My ad blocker is probably preventing me from seeing google ads iframes, but you don't have to waste cycles with additional R functions to test for the presence of something. Let the optimized C functions in libxml2
(which underpins rvest
and the xml2
package) do the work for you and just wrap your XPath with boolean()
:
library(xml2)
pg <- read_html("http://www.funda.nl/")
xml_find_lgl(pg, "boolean(.//div[contains(@class, 'featured')])")
## [1] TRUE
xml_find_lgl(pg, "boolean(.//div[contains(@class, 'futured')])")
## [1] FALSE
One other issue you'll need to deal with is that the google ads iframes are most likely being generated after page-load with javascript, which means using RSelenium to grab the page source (you can then use this method with the resultant page source).
UPDATE
I found a page example with google_ads_iframe
in it:
pg <- read_html("http://codepen.io/anon/pen/Jtizx.html")
xml_find_lgl(pg, "boolean(.//div[iframe[contains(@id, 'google_ads_iframe')]])")
## [1] TRUE
xml_find_first(pg, "count(.//div[iframe[contains(@id, 'google_ads_iframe')]])")
## [1] 3
That's a rendered page, though, and I suspect you'll still need to use RSelenium to do the page grabbing.
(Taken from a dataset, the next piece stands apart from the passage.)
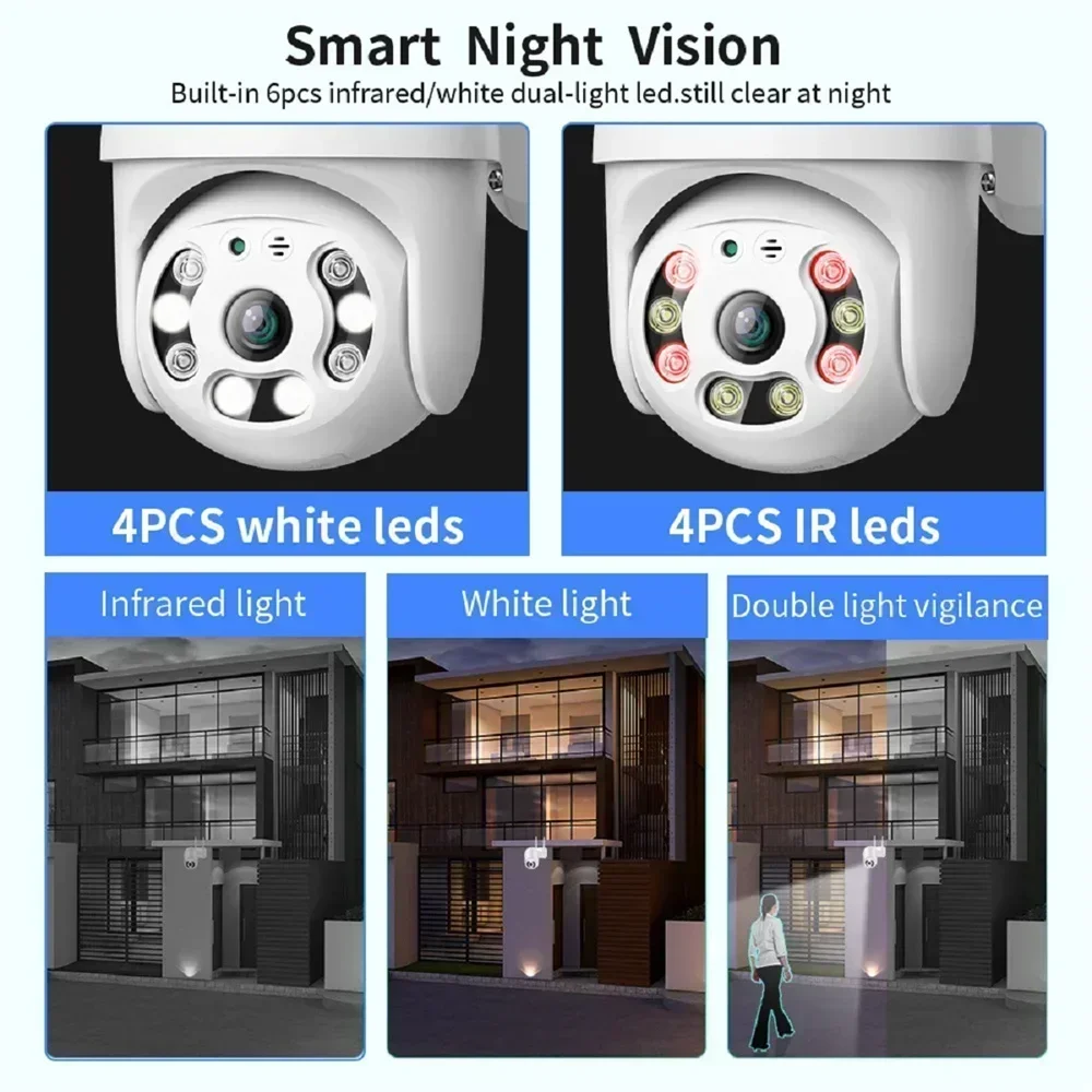 This camera has built-in 4pcs Infrared and 4pcs White LEDS, which can be fully controlled on the mobile phone APP and can switch Among normal Infrared /White light / Double Light Vigilance modes simply and quickly.

Here's how to do that (if you're on a reasonable operating system and have phantomjs installed, otherwise use it with Firefox):
library(RSelenium)
RSelenium::startServer()
phantom_js <- phantom(pjs_cmd='/usr/local/bin/phantomjs', extras=c("--ssl-protocol=any"))
capabilities <- list(phantomjs.page.settings.userAgent="Mozilla/5.0 (Macintosh; Intel Mac OS X 10_11_6) AppleWebKit/537.36 (KHTML, like Gecko) Chrome/53.0.2785.70 Safari/537.3")
remDr <- remoteDriver(browserName = "phantomjs", extraCapabilities=capabilities)
remDr$open()
remDr$navigate(URL)
raw_html <- remDr$getPageSource()[[1]]
pg <- read_html()
...
# eventually (when done)
phantom_js$stop()
NOTE
The XPath I used with the codepen example (since it has a google ads iframe) was necessary. Here's the snippet where the iframe exists:
<div id="div-gpt-ad-1379506098645-3" style="width:720px;margin-left:auto;margin-right:auto;display:none;">
<script type="text/javascript">
googletag.cmd.push(function() { googletag.display('div-gpt-ad-1379506098645-3'); });
</script>
<iframe id="google_ads_iframe_/16833175/SmallPS_0" name="google_ads_iframe_/16833175/SmallPS_0" width="723" height="170" scrolling="no" marginwidth="0" marginheight="0" frameborder="0" src="javascript:"<html><body style='background:transparent'></body></html>"" style="border: 0px; vertical-align: bottom;"></iframe></div>
The iframe
tag is a child of the div
so if you want to target the div
first you then have to add the child target if you want to find an attribute in it.